FederatedDataset#

class FederatedDataset(*, dataset: str, subset: str | None = None, resplitter: Callable[[DatasetDict], DatasetDict] | Dict[str, Tuple[str, ...]] | None = None, partitioners: Dict[str, Partitioner | int], shuffle: bool = True, seed: int | None = 42)[source]#

Bases: object

Representation of a dataset for federated learning/evaluation/analytics.

Download, partition data among clients (edge devices), or load full dataset.

Partitions are created using IidPartitioner. Support for different partitioners specification and types will come in future releases.

Parameters:
  • dataset (str) – The name of the dataset in the Hugging Face Hub.

  • subset (str) – Secondary information regarding the dataset, most often subset or version (that is passed to the name in datasets.load_dataset).

  • resplitter (Optional[Union[Resplitter, Dict[str, Tuple[str, ...]]]]) – Callable that transforms DatasetDict splits, or configuration dict for MergeResplitter.

  • partitioners (Dict[str, Union[Partitioner, int]]) – A dictionary mapping the Dataset split (a str) to a Partitioner or an int (representing the number of IID partitions that this split should be partitioned into). One or multiple Partitioner objects can be specified in that manner, but at most, one per split.

  • shuffle (bool) – Whether to randomize the order of samples. Applied prior to resplitting, speratelly to each of the present splits in the dataset. It uses the seed argument. Defaults to True.

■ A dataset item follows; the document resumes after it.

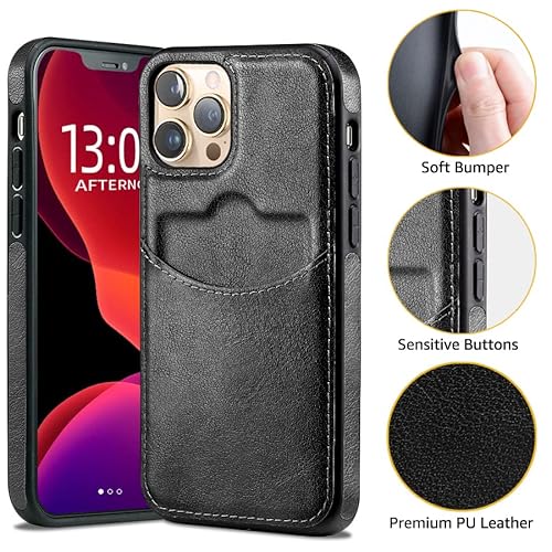 Hulveze Custodia per iPhone 14 Pro Max in Pelle PU con Porta Carte, Custodia a Portafoglio Sottile in Pelle di Lusso Retrò con Slot per Carte Antigraffio Antiurto Cover per iPhone 14 Pro Max(Nero)

  • seed (Optional[int]) – Seed used for dataset shuffling. It has no effect if shuffle is False. The seed cannot be set in the later stages. If None, then fresh, unpredictable entropy will be pulled from the OS. Defaults to 42.

Examples

Use MNIST dataset for Federated Learning with 100 clients (edge devices):

>>> mnist_fds = FederatedDataset(dataset="mnist", partitioners={"train": 100})
>>> # Load partition for client with ID 10.
>>> partition = mnist_fds.load_partition(10, "train")
>>> # Use test split for centralized evaluation.
>>> centralized = mnist_fds.load_split("test")

Methods

load_partition(partition_id[, split])

Load the partition specified by the idx in the selected split.

load_split(split)

Load the full split of the dataset.

Attributes

partitioners

Dictionary mapping each split to its associated partitioner.

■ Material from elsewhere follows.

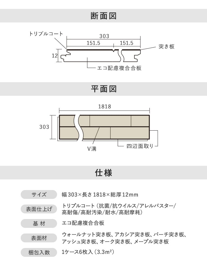 ●表面仕上げ:トリプルコート(抗菌/ 抗ウイルス/アレルバスター/ 高耐傷/高耐汚染/ 耐水/ 高耐摩耗)
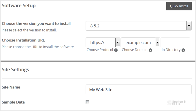 • Site Name: Enter the name of your website, such as Concrete5.

load_partition(partition_id: int, split: str | None = None) Dataset[source]#

Load the partition specified by the idx in the selected split.

The dataset is downloaded only when the first call to load_partition or load_split is made.

Parameters:
  • partition_id (int) – Partition index for the selected split, idx in {0, …, num_partitions - 1}.

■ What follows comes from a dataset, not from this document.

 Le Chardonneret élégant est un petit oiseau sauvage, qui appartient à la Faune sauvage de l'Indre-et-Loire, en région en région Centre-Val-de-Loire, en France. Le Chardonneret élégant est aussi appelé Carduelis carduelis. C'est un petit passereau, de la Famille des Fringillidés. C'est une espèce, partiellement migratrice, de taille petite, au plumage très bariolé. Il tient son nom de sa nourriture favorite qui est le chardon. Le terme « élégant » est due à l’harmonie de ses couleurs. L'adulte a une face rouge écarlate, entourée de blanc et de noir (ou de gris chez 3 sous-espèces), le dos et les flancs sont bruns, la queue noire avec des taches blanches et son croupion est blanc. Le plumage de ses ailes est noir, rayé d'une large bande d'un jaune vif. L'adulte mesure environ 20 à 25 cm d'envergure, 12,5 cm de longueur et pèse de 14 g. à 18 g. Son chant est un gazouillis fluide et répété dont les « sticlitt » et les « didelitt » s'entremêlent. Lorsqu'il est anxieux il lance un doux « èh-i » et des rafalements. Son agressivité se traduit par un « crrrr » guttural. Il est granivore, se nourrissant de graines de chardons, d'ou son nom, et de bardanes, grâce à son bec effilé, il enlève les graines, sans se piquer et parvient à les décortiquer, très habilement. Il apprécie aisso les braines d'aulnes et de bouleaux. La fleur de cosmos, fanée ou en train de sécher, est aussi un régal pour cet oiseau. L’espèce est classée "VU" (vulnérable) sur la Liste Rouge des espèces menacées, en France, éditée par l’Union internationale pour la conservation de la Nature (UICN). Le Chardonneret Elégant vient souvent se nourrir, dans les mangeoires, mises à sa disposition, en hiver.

  • split (Optional[str]) – Name of the (partitioned) split (e.g. “train”, “test”). You can skip this parameter if there is only one partitioner for the dataset. The name will be inferred automatically. For example, if partitioners={“train”: 10}, you do not need to provide this argument, but if partitioners={“train”: 10, “test”: 100}, you need to set it to differentiate which partitioner should be used.

Returns:

partition – Single partition from the dataset split.

Return type:

Dataset

load_split(split: str) Dataset[source]#

Load the full split of the dataset.

The dataset is downloaded only when the first call to load_partition or load_split is made.

Parameters:

split (str) – Split name of the downloaded dataset (e.g. “train”, “test”).

Returns:

dataset_split – Part of the dataset identified by its split name.

Return type:

Dataset

property partitioners: Dict[str, Partitioner]#

Dictionary mapping each split to its associated partitioner.

The returned partitioners have the splits of the dataset assigned to them.